Search code examples
rimputationr-micepropensity-score-matching

Propensity score matching with multiple imputation


I have a dataset with a couple of missing values and would need to run a propensity score matching using the variable 'y' as Treatment variable and x1, x2 and x3 as variables for adjustment. By using the following code with Matchit

ModMatch <- matchit(y ~ x1+x2+x3, method = 'nearest', data = data)

I obtain the error 'Missing values exist in the data'

I have therefore tried to run a multiple imputation using mice:

ImputedDF <- mice(data)
ModMatch <- matchit(y ~ x1+x2+x3, method = 'nearest', data = ImputedDF)
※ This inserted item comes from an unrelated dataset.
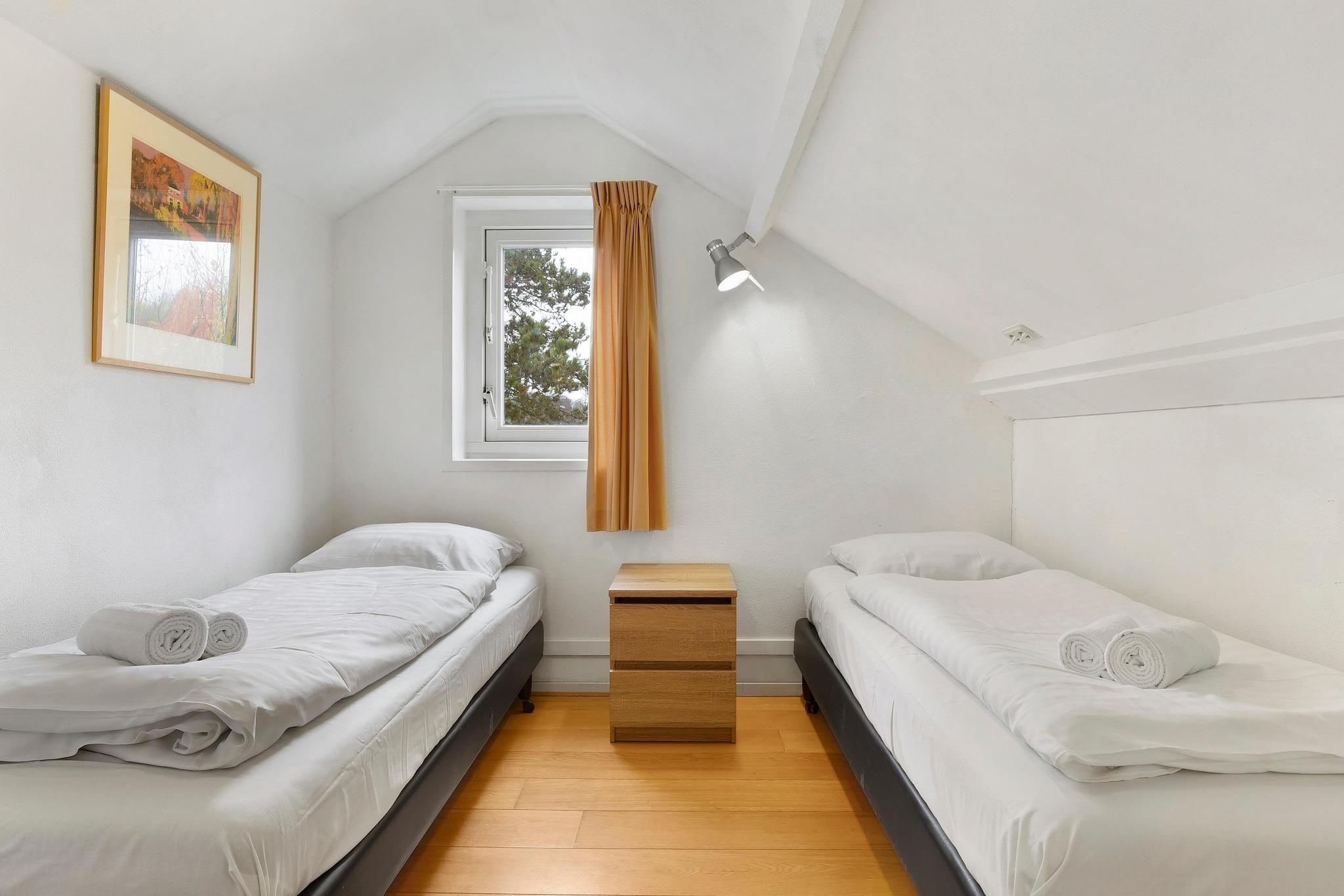 This semi-detached, comfortable holiday home is located in the spacious holiday park Waterpark De Bloemert, located on the Zuidlaardermeer. It lies just within the province of Drenthe, 3 km from the village of Zuidlaren and close to nature reserves such as Drentsche Aa National Park and Geopark De Hondsrug. The vibrant city centre of Groningen is 18 km away. The holiday home is located in the wooded part of the holiday park, is comfortably and fully furnished and covers two floors. On the ground floor is a living room with a TV and an open plan kitchen that includes a microwave and dishwasher. You will also find a double bedroom and a bathroom with bath and shower. There is a separate toilet in the hall. On the first floor you'll find two bedrooms, each with two single box-spring beds. A cot is provided as standard. Outside you have a garden with terrace and garden furniture and a bicycle shed. There is parking available in the central parking lots of the holiday park. At the Waterpark de Bloemert holiday park, you can reserve various types of holiday homes, bungalows and chalets for two to twelve people. Some types have a sauna and/or private indoor swimming pool.

And I get the error 'cannot coerce an object of class mids to a dataframe'. I would probably need a way to print an imputed data frame, could anyone know if that is possible?


Solution

  • You should use the MatchThem package, which was specifically designed for performing matching after multiple imputation. The matchthem() function calls matchit() and performs matching within each imputed dataset. You can then check balance in the imputed dataset using the cobalt package, which was designed to be compatible with MatchThem. Afterward, you can use the with() function in MatchThem to estimate the effect. Here's an example of this workflow:

    library(mice); library(MatchThem); library(cobalt)
    
    #Impute the data with 20 imputations (more is better)
    imp <- mice(data, m = 20)
    
    #Perform matching within each imputation
    ModMatch <- matchthem(y ~ x1 + x2 + x3, method = 'nearest', data = imp)
    
    #Assess balance
    bal.tab(ModMatch, un = TRUE)
    love.plot(Modmatch)
    
    #Estimate the effect
    summary(pool(with(ModMatch, svyglm(outcome ~ y + x1 + X2 + X2))))
    

    I would caution you that you are using advanced statistical techniques that should not be used by someone without advanced training. Using the defaults in mice and MatchThem is rarely a good idea.

    Regarding the error messages you were getting: the output of a call to mice() is not a data frame; it's a mids object. The data argument in matchit() requires a data frame. matchthem() accepts a mids object to perform the matching within each imputed dataset.